■ **WORK TASK**:
Restate, word for word and with no pictures, the stretch of lines in the data below that begins at the line with "五島うどん冷麺 1玉・1.5玉・2玉から お選びください 980yen" and ends at the line with "ENGROSAMIENTO DE LA BASE DEL PECÍOLO", inclusive.

■ **DATA SHOWN**:

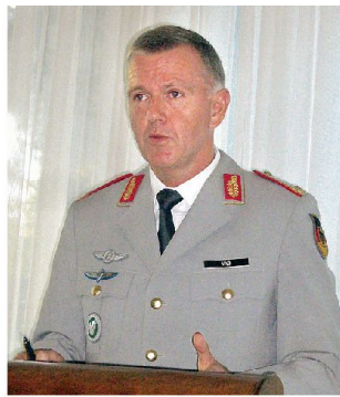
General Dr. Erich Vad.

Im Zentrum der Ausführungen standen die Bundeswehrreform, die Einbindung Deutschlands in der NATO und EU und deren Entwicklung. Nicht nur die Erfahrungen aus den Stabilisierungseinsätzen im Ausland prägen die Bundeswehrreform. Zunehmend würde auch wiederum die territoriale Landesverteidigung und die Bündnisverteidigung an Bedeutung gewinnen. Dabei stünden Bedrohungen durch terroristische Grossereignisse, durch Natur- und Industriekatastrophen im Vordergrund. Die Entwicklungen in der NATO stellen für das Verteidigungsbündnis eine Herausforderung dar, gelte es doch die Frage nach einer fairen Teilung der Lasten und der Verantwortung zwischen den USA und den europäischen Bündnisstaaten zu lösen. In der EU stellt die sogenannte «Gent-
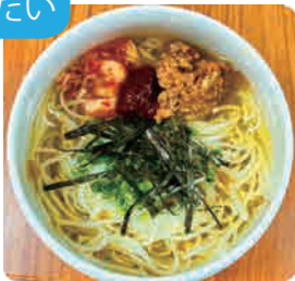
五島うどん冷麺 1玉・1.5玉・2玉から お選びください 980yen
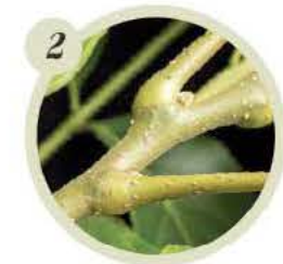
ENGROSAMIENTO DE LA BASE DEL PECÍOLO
--
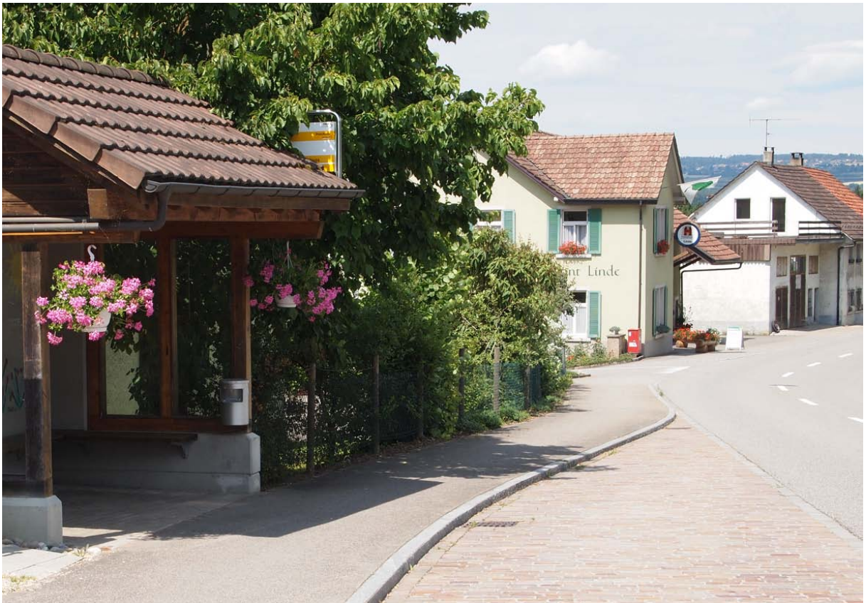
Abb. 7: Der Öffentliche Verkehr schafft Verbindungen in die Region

■ **RESPONSE BELOW**:
五島うどん冷麺 1玉・1.5玉・2玉から お選びください 980yen
ENGROSAMIENTO DE LA BASE DEL PECÍOLO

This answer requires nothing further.